What this task involves — Here is the task for the listing below: output exactly the lines from the one containing "春夏秋冬字画挂轴新中式客厅装饰画餐厅画酒店中国风壁画四联挂画" through the one containing "RIB STRUCTURE HENLEY COLLAR T-SHIRT", and leave out the pictures.
[Opening The records section]
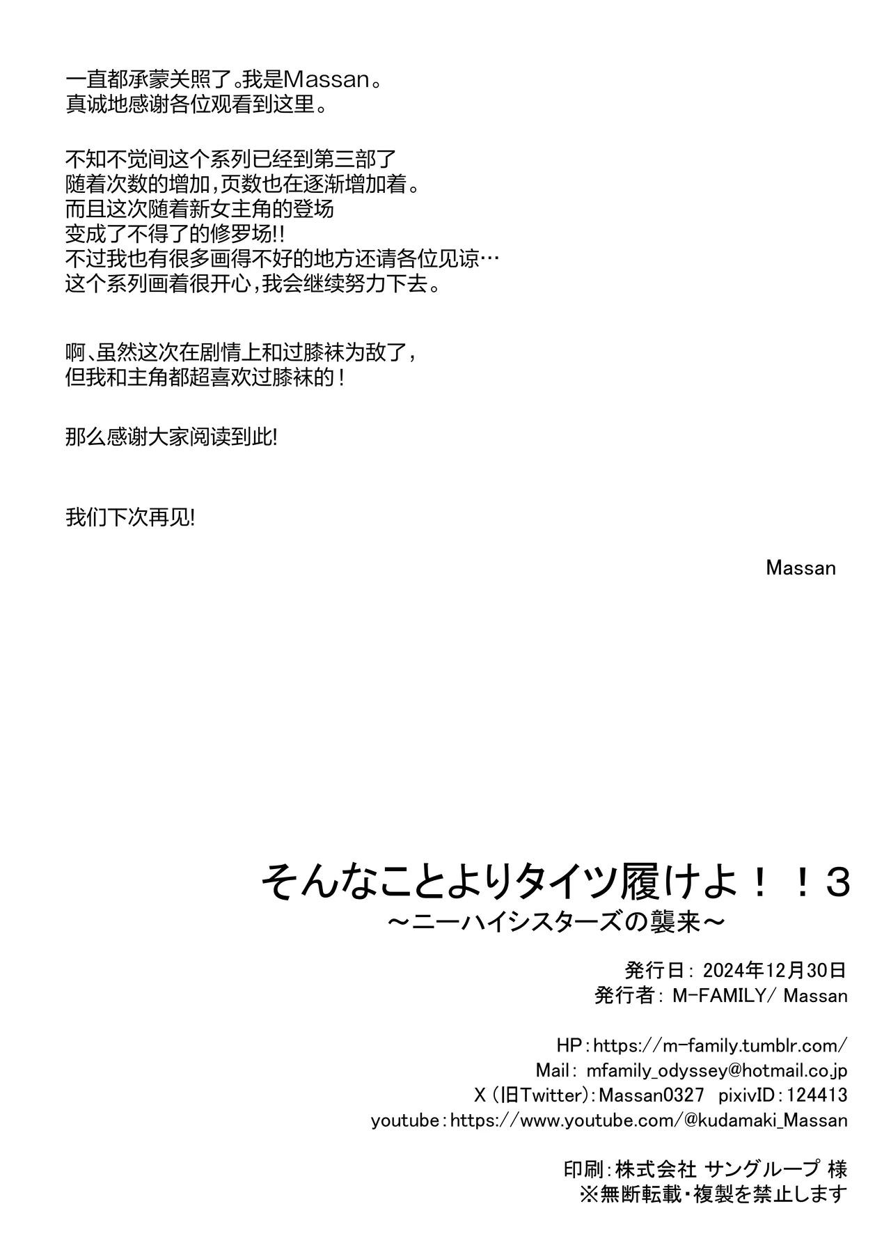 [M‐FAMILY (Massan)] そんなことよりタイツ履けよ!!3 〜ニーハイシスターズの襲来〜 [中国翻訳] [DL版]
[Closing The records section]
[Opening The records section]
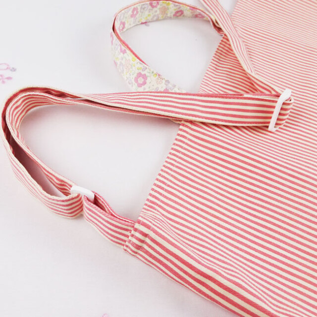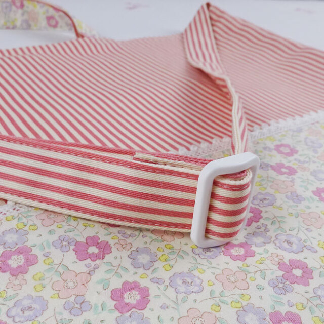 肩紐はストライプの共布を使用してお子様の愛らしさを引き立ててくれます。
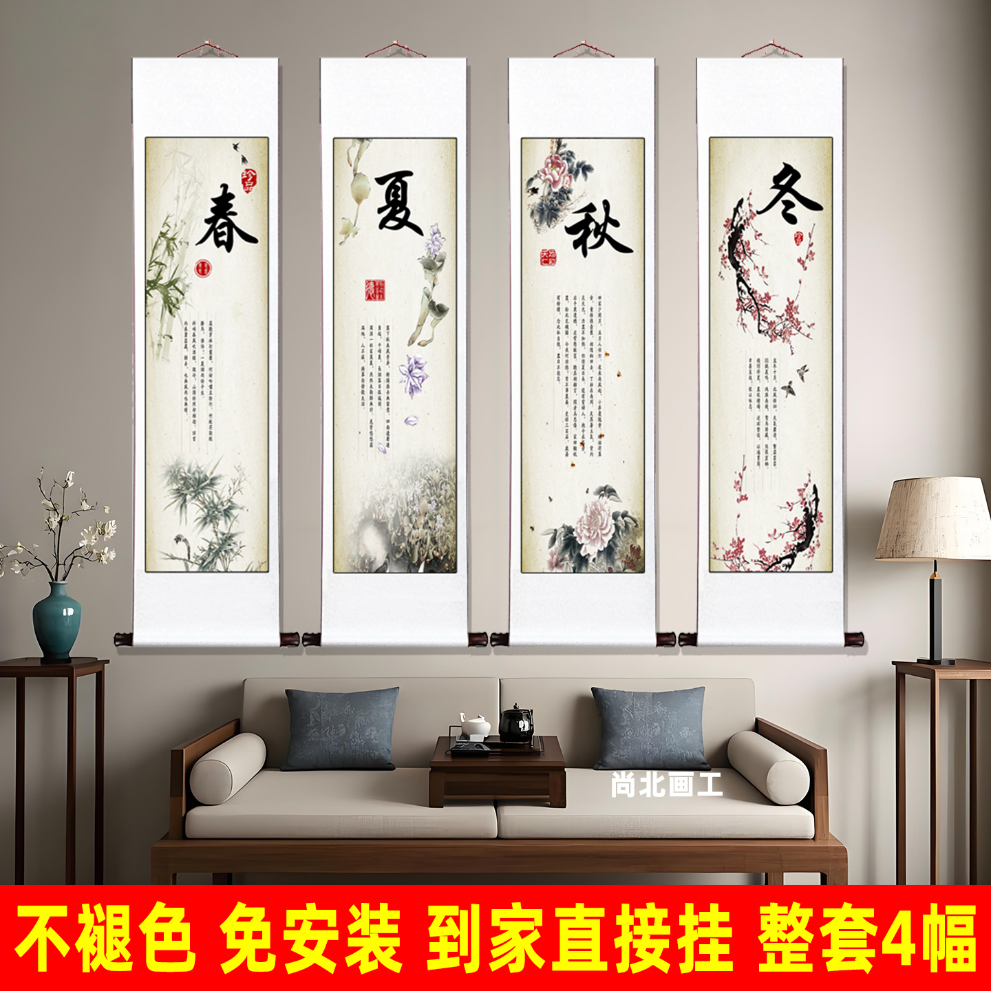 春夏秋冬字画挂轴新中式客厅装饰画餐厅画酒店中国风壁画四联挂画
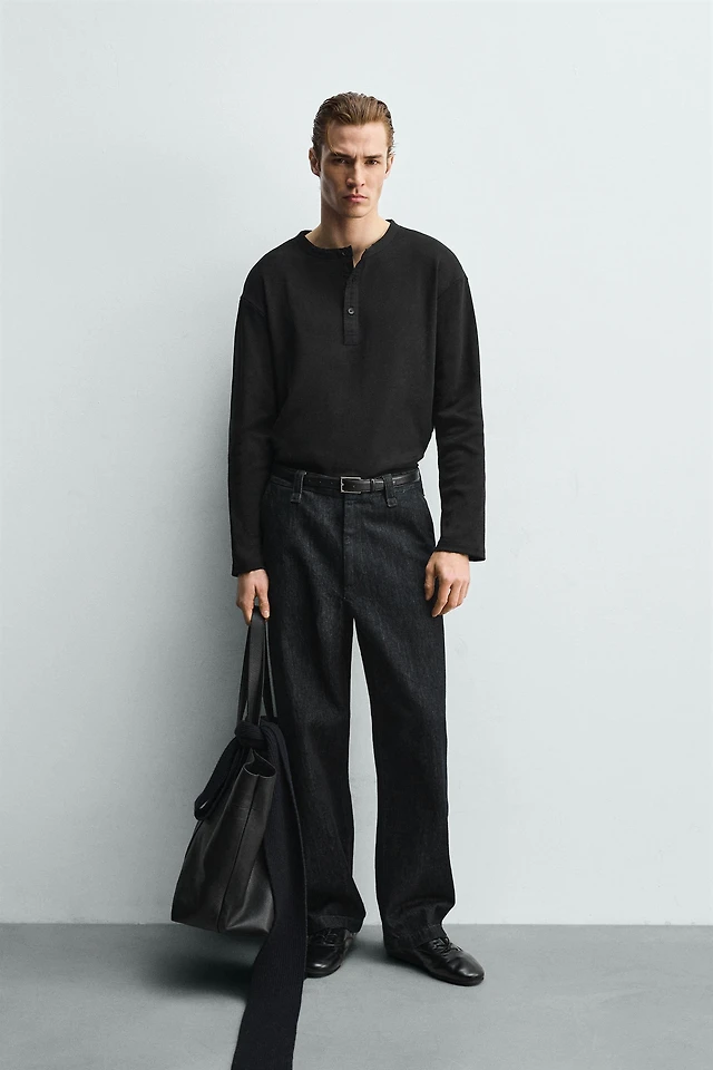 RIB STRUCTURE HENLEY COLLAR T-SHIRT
[Closing The records section]
Answer to this problem —
 春夏秋冬字画挂轴新中式客厅装饰画餐厅画酒店中国风壁画四联挂画
 RIB STRUCTURE HENLEY COLLAR T-SHIRT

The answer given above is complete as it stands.